June 12 – 14, 2012
Established in 1872, Yellowstone National Park is America’s first national park spanning across parts of Wyoming, Montana and Idaho, it is home to a large variety of wildlife including grizzly bears, wolves, bison, and elk, and it has some of the world’s most extraordinary geysers and hot springs.
Yellowstone is one of the most popular national parks in the United States. Since the mid-1960s, at least 2 million tourists have visited the park almost every year. In 2010, 975,000, a record number of visitors came to the park in July. Native Americans have lived in the Yellowstone region for at least 11,000 years. The region was bypassed during the Lewis and Clark Expedition in the early 19th century and wasn’t explored extensively until the late 1860s. Hundreds of species of mammals, birds, fish and reptiles live in the park, including several that are either endangered or threatened. The vast forests and grasslands also include unique species of plants. Yellowstone Park is home to some of the largest collections of Grizzly Bears, wolves, and free-ranging herds of bison and elk.
Old Faithful is one of the most popular tourist attractions in the park. Old Faithful is a cone geyser that erupts pretty regularly, about every 91 minutes, and can be mathematically predicted. Eruptions can shoot anywhere from 3700 to 8400 gallons of boiling hot water up to a height of 185 feet in the air. More than 137,000 eruptions have been recorded since Old Faithful was discovered in September 1870.
Old Faithful Inn
The Old Faithful Inn is an historic hotel located in Yellowstone National Park, with a clear view of the renowned Old Faithful Geyser. One of very few log hotels still standing in the US, construction of the lodgepole pine inn was completed in 1904, and it is considered today to be the largest log building in the world. With its spectacular log and limb lobby and massive (500-ton, 85-foot) stone fireplace, the inn is a prime example of the “Golden Age” of rustic resort architecture. When it first opened in 1904, it boasted electric lights and steam heat. Designed by architect Robert Reamer for the Great Northern Railway, the inn has been expanded and modified several times. In 1913 the East Wing was added, and in 1922 the dining room was enlarged. Later in 1928, the West Wing was built. The interior contains four stories of balconies, but only the bottom two are open to the public.

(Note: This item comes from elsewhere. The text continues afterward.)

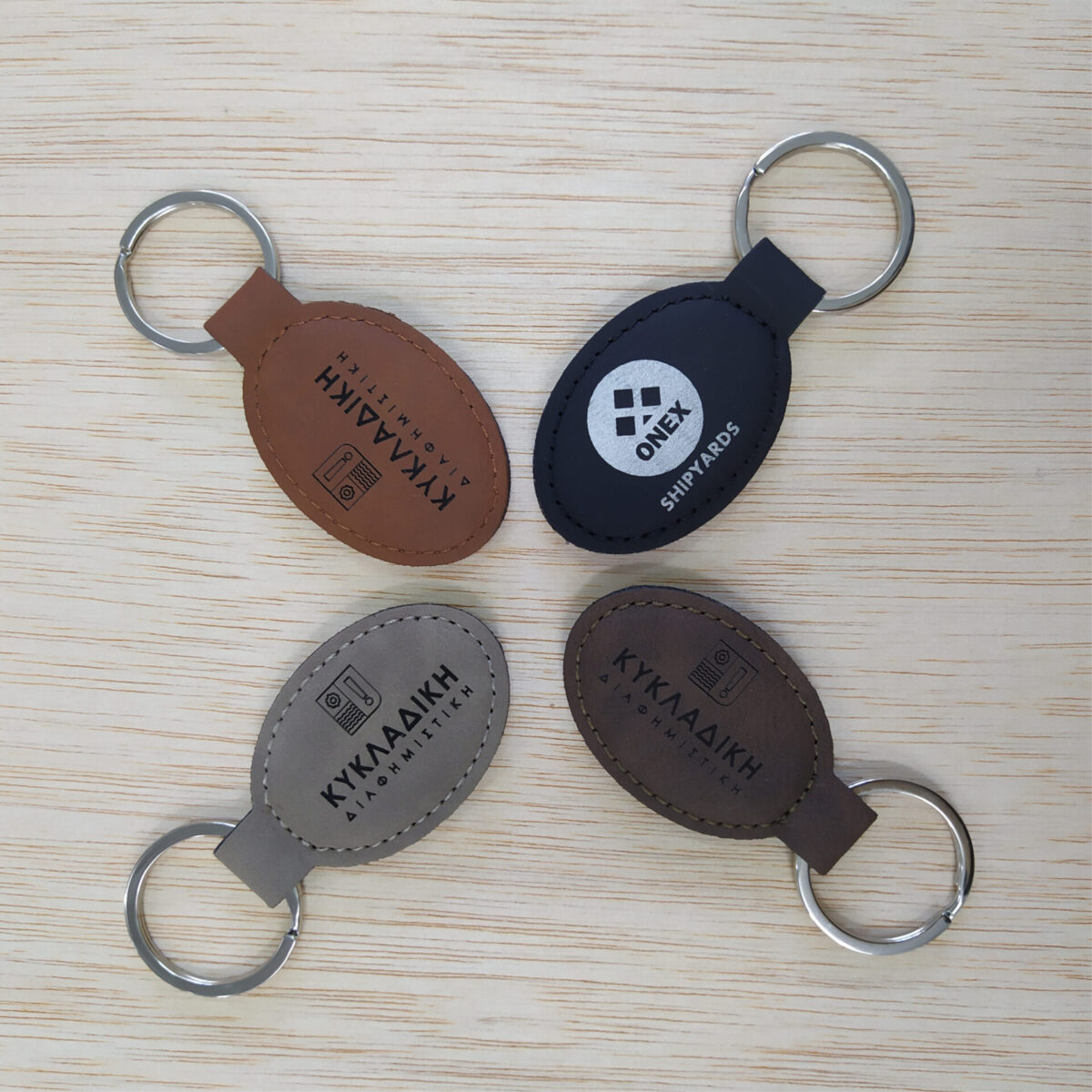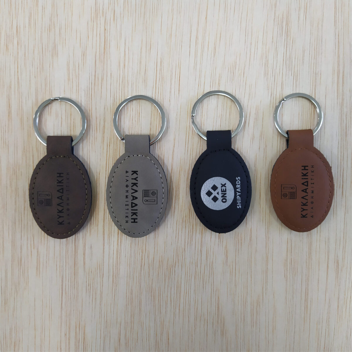 Μπρελόκ δερματίνης σε 4 χρώματα.Mε χάραξη λοτοτύπου.
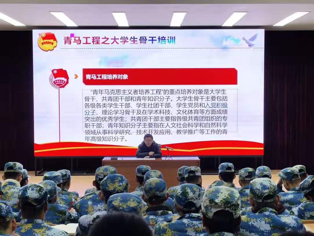 11月27日,海事学院团总支书记宋月强在B5小礼堂为海事学院承训教官和148名新生骨干做“做一名坚定地青年马克思主义者”主题讲座。

Yellowstone Lake is the largest body of water in Yellowstone National Park and covers 136 square miles. The average depth of the lake is 139 feet with its deepest spot at 390 feet. The lake freezes over by early December and can remain frozen until late May or early June. Nearly 3 feet of ice can cover much of the lake.
Mammoth Hot Springs
Another of Yellowstone’s most popular spots is the Mammoth Hot Springs complex, the largest known carbonate-depositing spring in the world. The hot springs were created over thousands of years as hot water from the spring cooled and deposited calcium carbonate over the landscape. The hot water that feeds Mammoth comes from the Norris Geyser Basin after traveling underground via a fault line. The most famous feature at the springs is the Minerva Terrace, a series of travertine terraces. The terraces have been deposited by the spring over many years but, due to recent minor earthquake activity, the spring vent has shifted, rendering the terraces dry. The Mammoth Hotel, as well as all of Fort Yellowstone, is built upon an old terrace formation known as Hotel Terrace.